A Trip to Israel — I

 A Trip to Israel — I

Enroute

It is a long way to Israel. 

Even broken into two flights — 10 hours from LAX to Frankfurt, four hours to Tel Aviv — it is a tiring trip.  The extensive security measures for international travel — arrival at the airport two and a half hours early, separate x-rays of computers and cameras, then coats, belts and shoes, random pat-downs of selected travelers, multiple passport checks, and long lines — add to the length of the trip.

But in historical terms, the trip is much, much longer.  President Kennedy liked to quote the Chinese proverb that a journey of a thousand miles begins with a single step.  It is impossible to imagine the innumerable steps that, over many years, have brought us to this moment.

The sheer improbability of Israel is staggering.  Writing last week, Rabbi David Wolpe captured the wonder of the Jewish state:

When the State of Israel was founded, its citizens came from authoritarian and totalitarian countries. They arrived in a region where all the surrounding countries were run by dictators.

They created a democracy.

When the State of Israel was founded, its citizens had never served in the armed forces. To be a soldier was not a cultural value in the diaspora . . . .

They created an army that won war after war against tremendous numerical superiority.

When the State of Israel was founded, the Jewish people did not have a common spoken language. . . . Hebrew was used for sacred texts, but it was sadly impoverished as a language for everyday life. . .

Within a generation, Israel had a Nobel Prize-winning author in the Hebrew language.

To speak of Israel as a nation that has defied the odds of history is to engage in gross understatement.  In a generation a nation was spun out of threads as ephemeral as hope, bluster and legend. All of it was propelled by a faith in the destiny of an everlasting people.

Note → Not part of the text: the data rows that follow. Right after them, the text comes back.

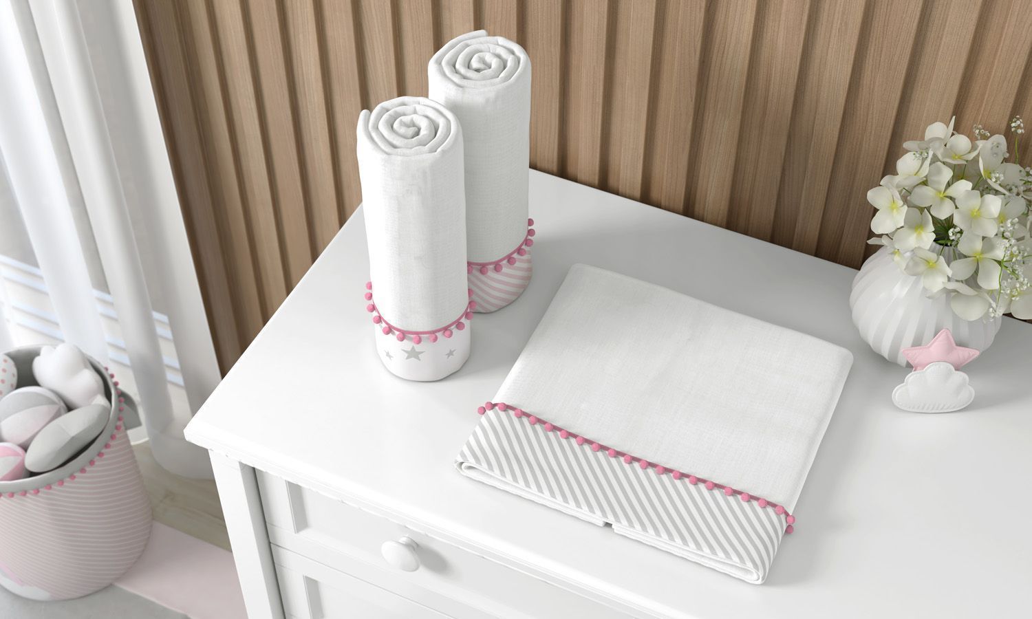 Pronto para manter sua princesa sempre limpinha e confortável, o Jogo de Fraldas de Ombro Barra Listras e Estrelinhas com Pompom reuniu o que as mamães sonham: amor, delicadeza e personalidade! Confeccionadas em tecido 100% algodão, as três peças com tamanho G respeitam a pele sensível da recém-nascida e facilitam a rotina da família, já que enrolam o bebê, limpam babinhas, sujeiras e forram assentos.
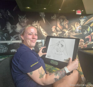 19 Posted: April 29, 2025 DVCR team member holds up her drawing of Valentino from the Disney’s animated film Wish at the Animation Experience at Conservation Station at Animal Kingdom Park.
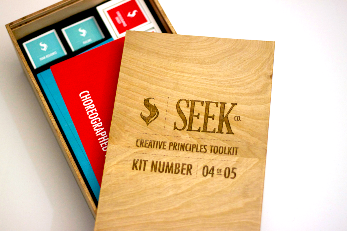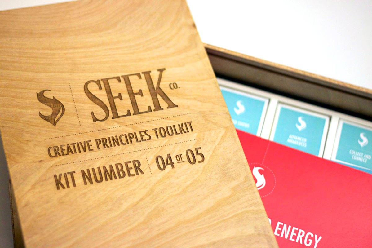 I designed this toolkit to serve as a visual representation of Seek’s proposal process for potential clients. It consists of a wooden tray with five slots and ten tiles. The tiles for Seek’s two, consistent principles are glued into their slots while the other eight can then be mixed and matched to create a unique approach to each client’s project. Additionally, each kit contained a small deck of ten cards that gave an overview of what each principle meant and how it was meant to function. These cards included a QR code to download a digital version of the toolkit along with some examples of past case studies.
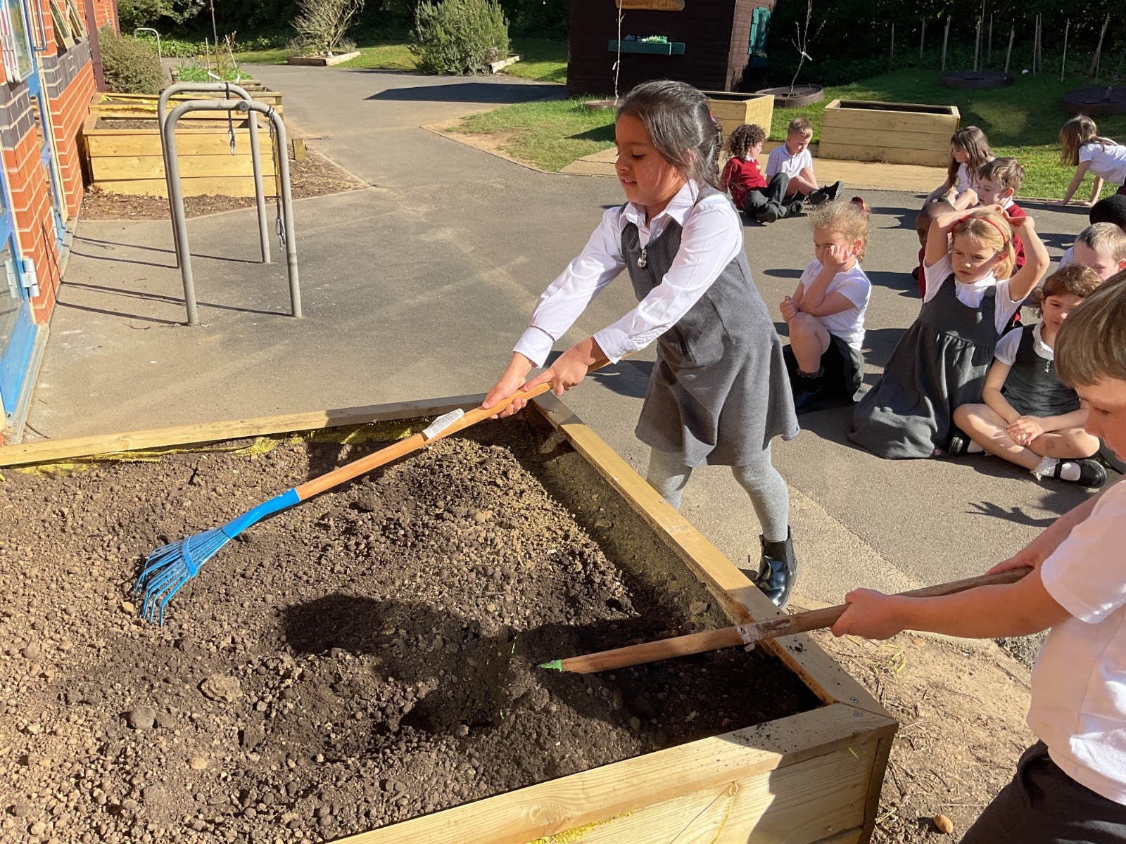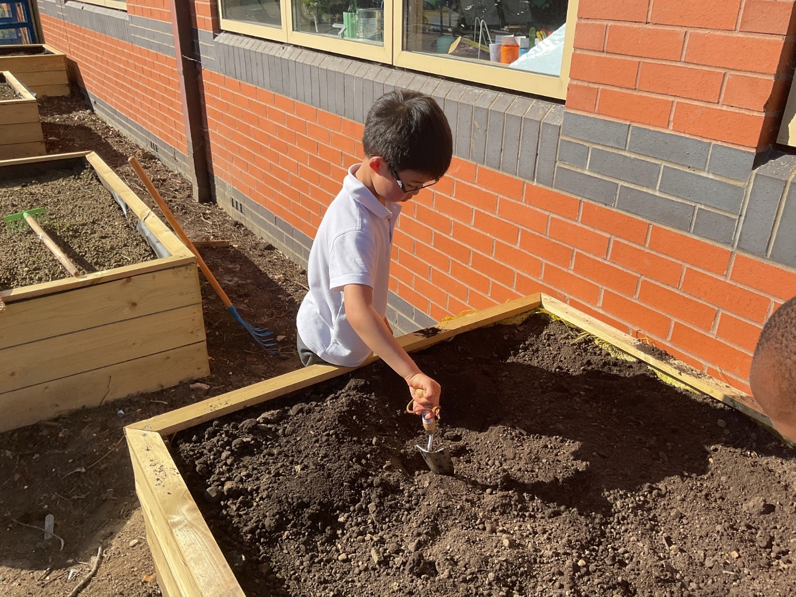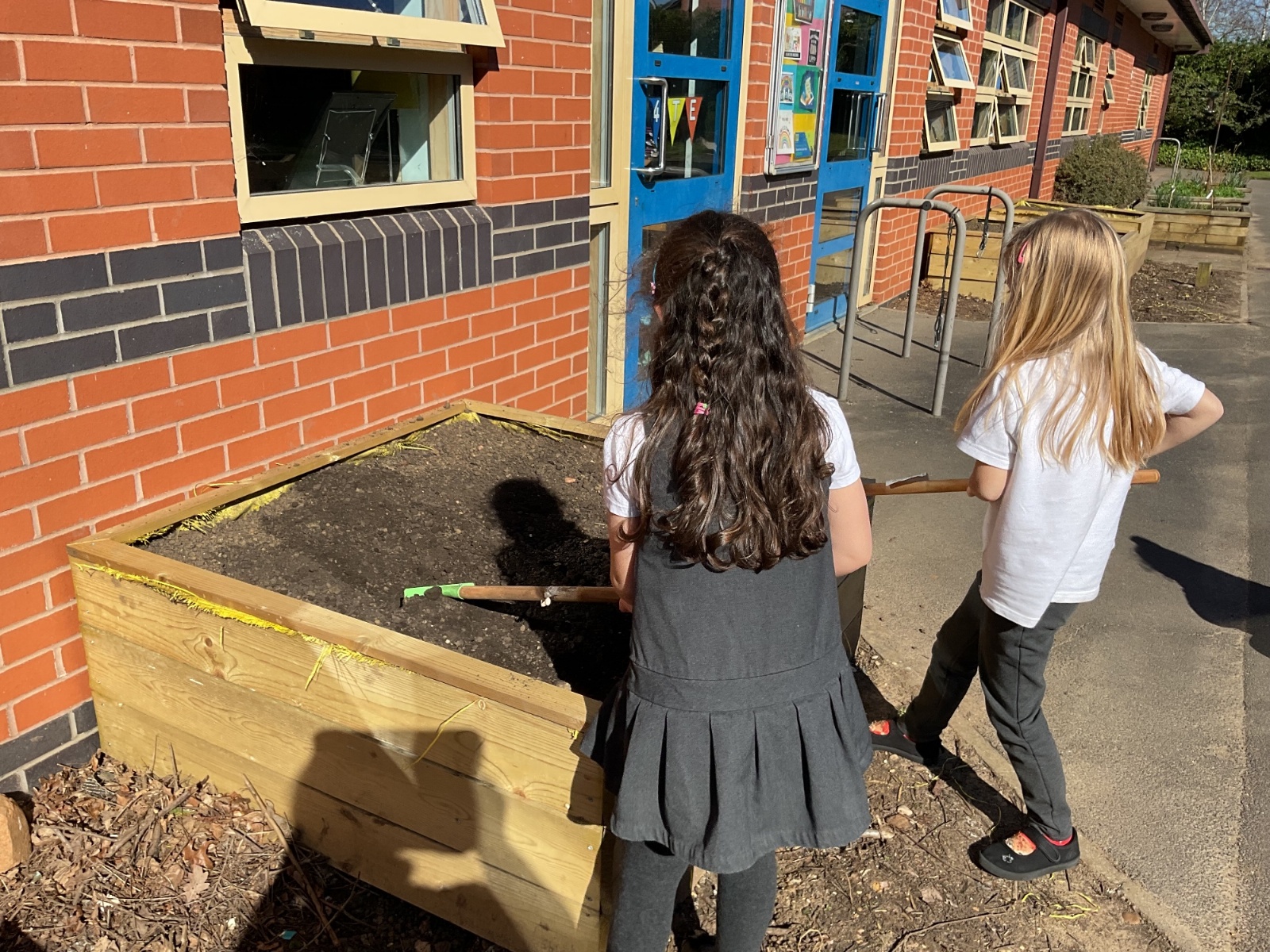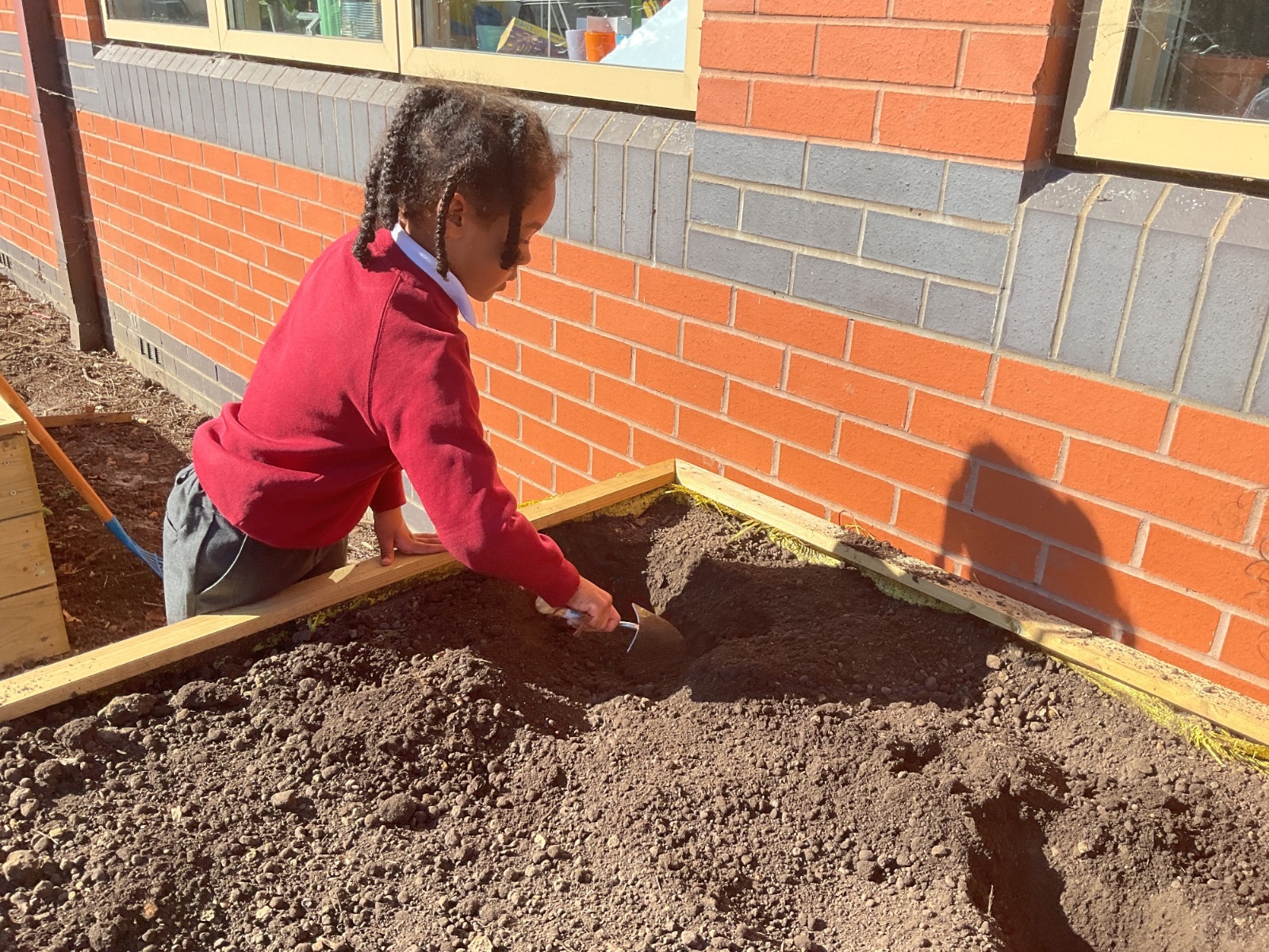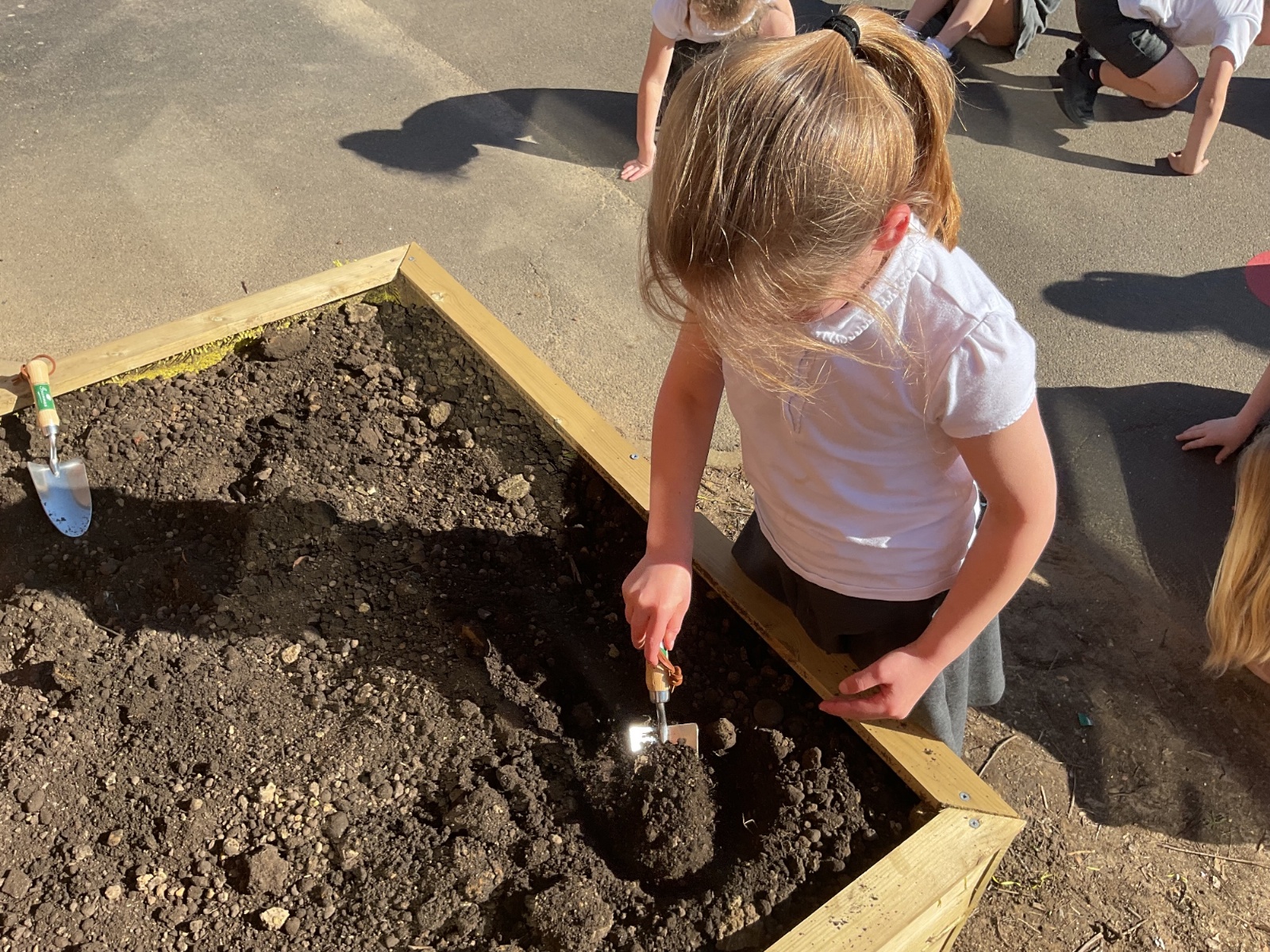 Great excitement ... we planted the first crops in our new allotment beds! The class dug over, weeded and prepared the bed before digging deep holes for each seed potato. We will keep an eye on them and hopefully have some delicious potatoes to try in the summer.
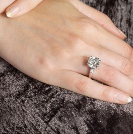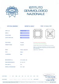 in platino, con al centro un diamante taglio ottagonale di ct 5.68 (smontato), colore L, purezza SI1, affiancato da due diamanti taglio baguette per ct 0.30 circa, punzone PT, mis. 56, gr. 4. Corredato di certificato IGN del 12/10/2021 attestante le caratteristiche.

If Israel’s mere existence is wondrous, its continued existence is even more so:

Now in the midst of its seventh war in 57 years — or rather still engaged in its original War of Independence, now extending more than half a century — forced always to fight for — and justify — its existence, unable to achieve peace even by yielding 95% of what it won in a war it didn’t start, slandered by Orwellian U.N. proclamations, living in a small portion of the biblical land in an area less than five percent the size of Iraq, continuous target of an unrelenting barbaric terrorism, unable even to build a fence against it without international rebuke — Israel has been under physical and existential duress since the very minute of its creation.

But it not only exists, and continues to exist, but has — in the midst of multiple wars – made contributions few other nations can claim, as Akiva Eldar noted last week:

[B]esides killing, being killed and producing smart bombs, the tiny Jewish state also produces Nobel Prize winners in chemistry, life-saving medicines and cutting-edge optic fibers. . . .  Israel ranks second in terms of the number of non-U.S. companies traded on the Nasdaq and the number of start-ups it has. . . . Checkpoint started in the home of two young Israelis.

All this is the result of millions of people who struggled, held fast to their religion, survived discrimination, pogroms and a Holocaust, kept memories of the land alive through the centuries, while living in far-off places without a home, each year praying that — as difficult and improbable as it seemed — next year they would be in Jerusalem.

Yesterday we were in Los Angeles. Tomorrow we will be in Jerusalem.  It is a miracle.